Reason	Meaning and Resolution
`Resources`	Insufficient resources available; request less or wait
`Priority`	Lower priority than competing jobs
`QOSMaxJobsPerUser`	User job limit reached
`ReqNodeNotAvail`	Requested node in maintenance; change partition
`DependencyNeverSatisfied`	Dependency cannot be met; inspect parent job

Memory Errors (OOM Killed)

sacct -j <job_id> --format=State,ExitCode,MaxRSS
# ExitCode 137 or State=OUT_OF_MEMORY → increase --mem

Mevasis HPC Training Services

Mevasis offers HPC training programs covering SLURM administration, job script optimization, and HPC software stack management. Programs are available for both cluster administrators and end users.

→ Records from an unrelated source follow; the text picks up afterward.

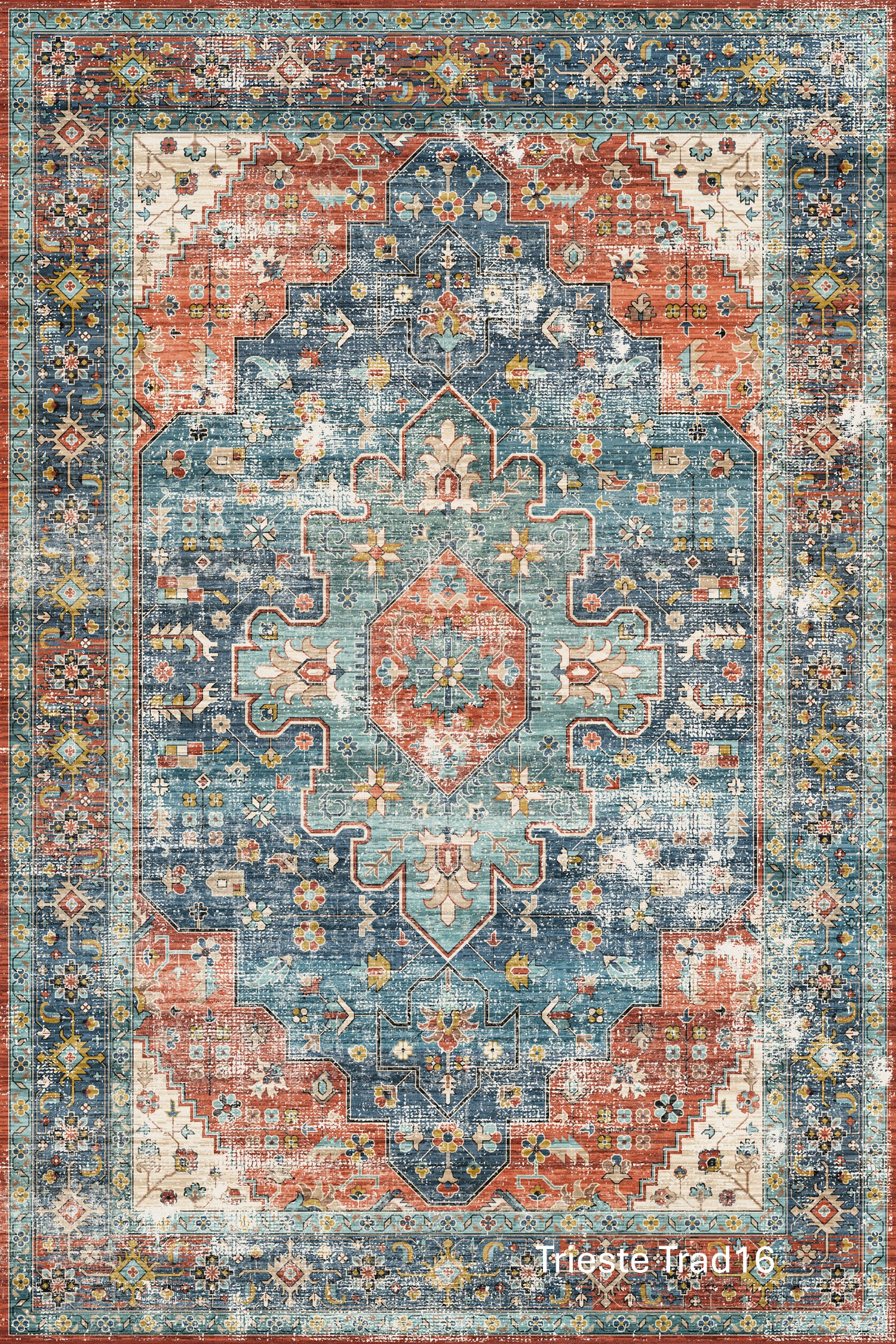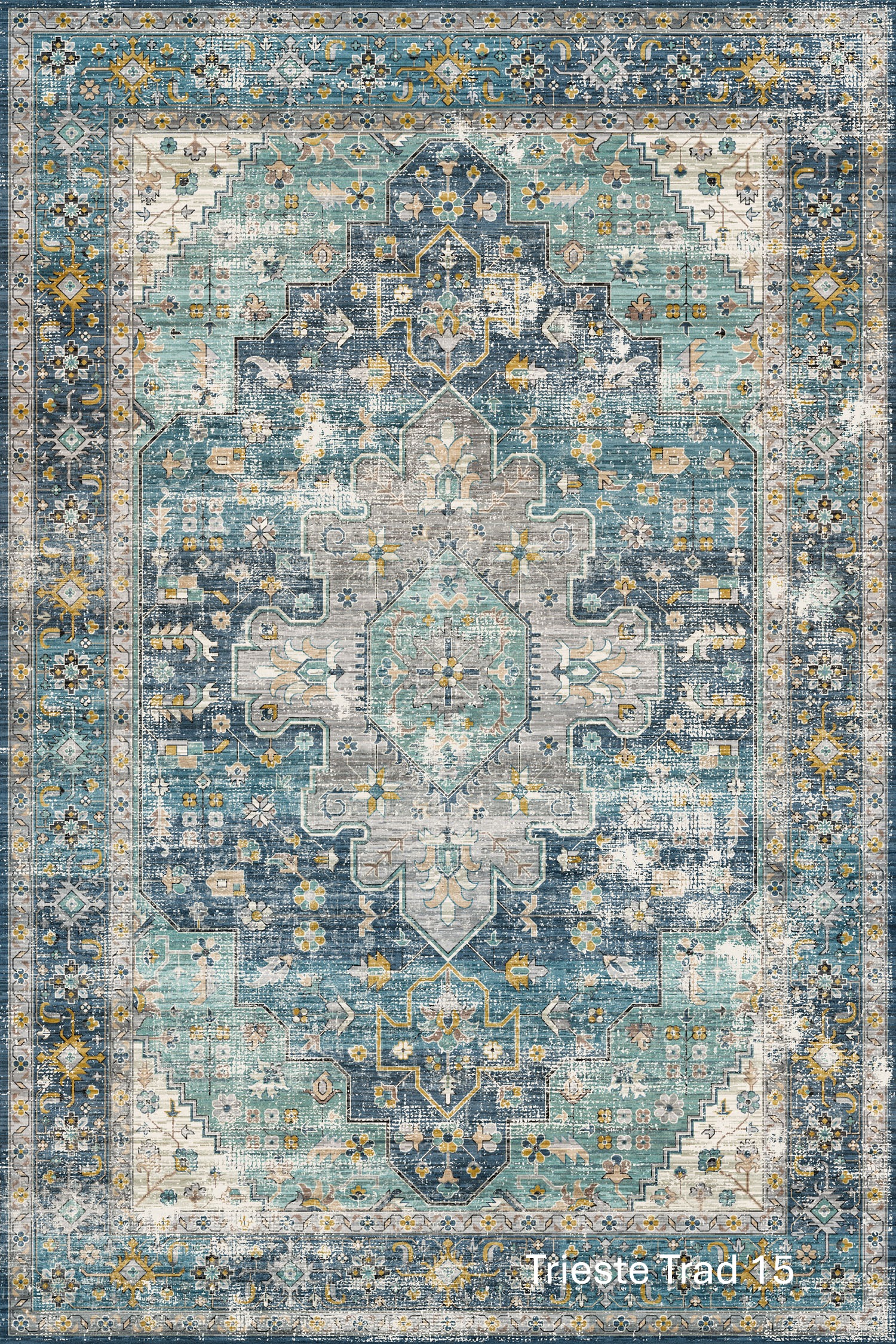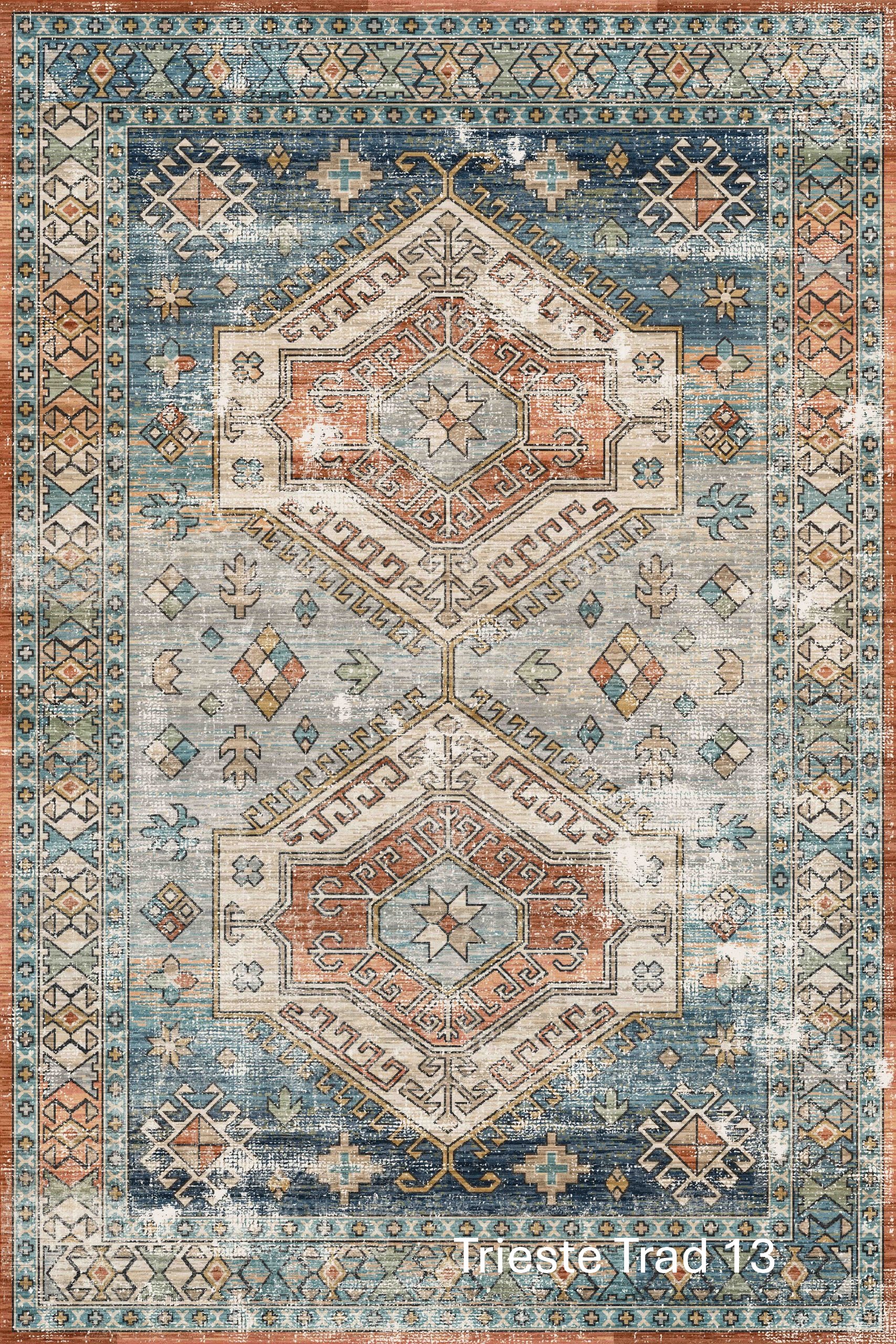 Trieste showcase richly detailed, vintage-inspired designs with a beautifully soft, contemporary finish. Featuring traditional motifs, geometric medallions, and decorative borders, Trieste blends classic character with a gently distressed look that feels both timeless and relaxed. The layered patterns and muted colour variations create depth and warmth, making each rug a statement piece without overwhelming the space.
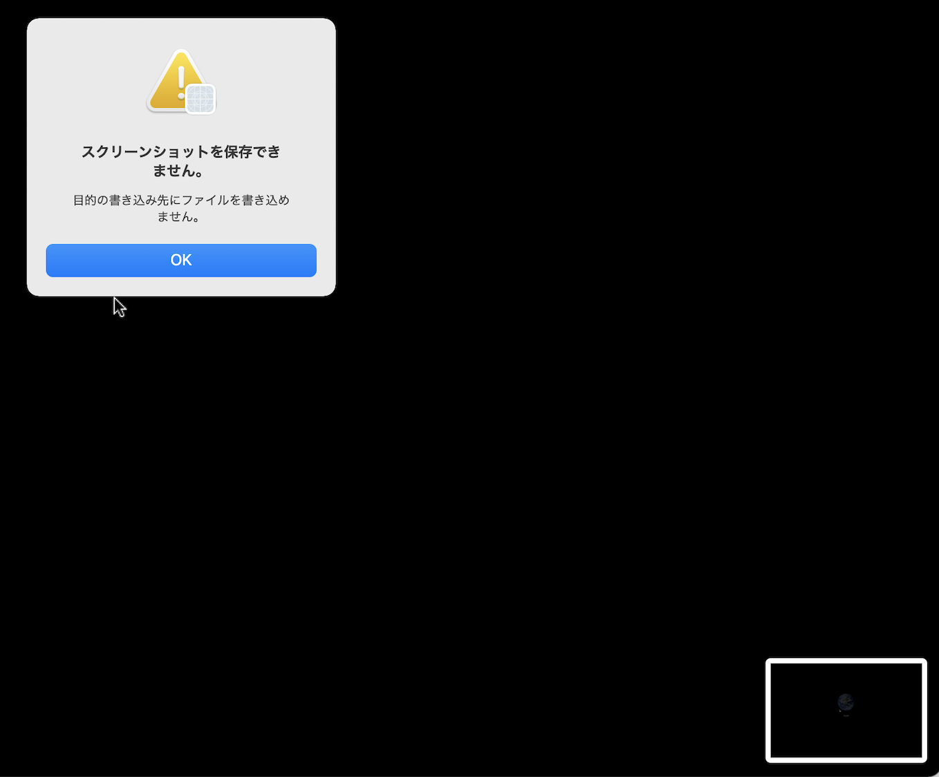 スクリーンショットを保存できません目的の書き込み先にファイルを書き込めません。と出ました。
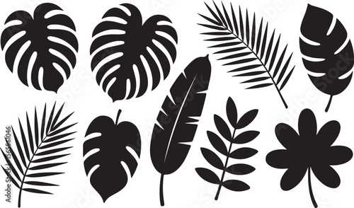 Fototapeta premium Monstera palm banana and clover leaves monstera leaves palm fronds

Frequently Asked Questions

Should I use SLURM or PBS/Torque? For new deployments, SLURM is strongly recommended. Active development, a large community, and solid cloud integration make it the de facto standard. Migrating existing PBS installations typically requires a 6–12 month project.

How do I submit a single command without a script? Use sbatch --wrap="command" or srun command. For repeated work, job scripts are preferred for reproducibility and easier debugging.

What is the largest scale SLURM can handle? SLURM theoretically scales to 100,000+ nodes. Practical limits are typically network fabric and parallel filesystem bandwidth — MPI efficiency degrades when these saturate.

How do I run Jupyter Notebook on a compute node? Start a Jupyter Server on a compute node and use SSH port forwarding to access it from your workstation via the login node. The Open OnDemand platform provides a browser-based interface that automates this process.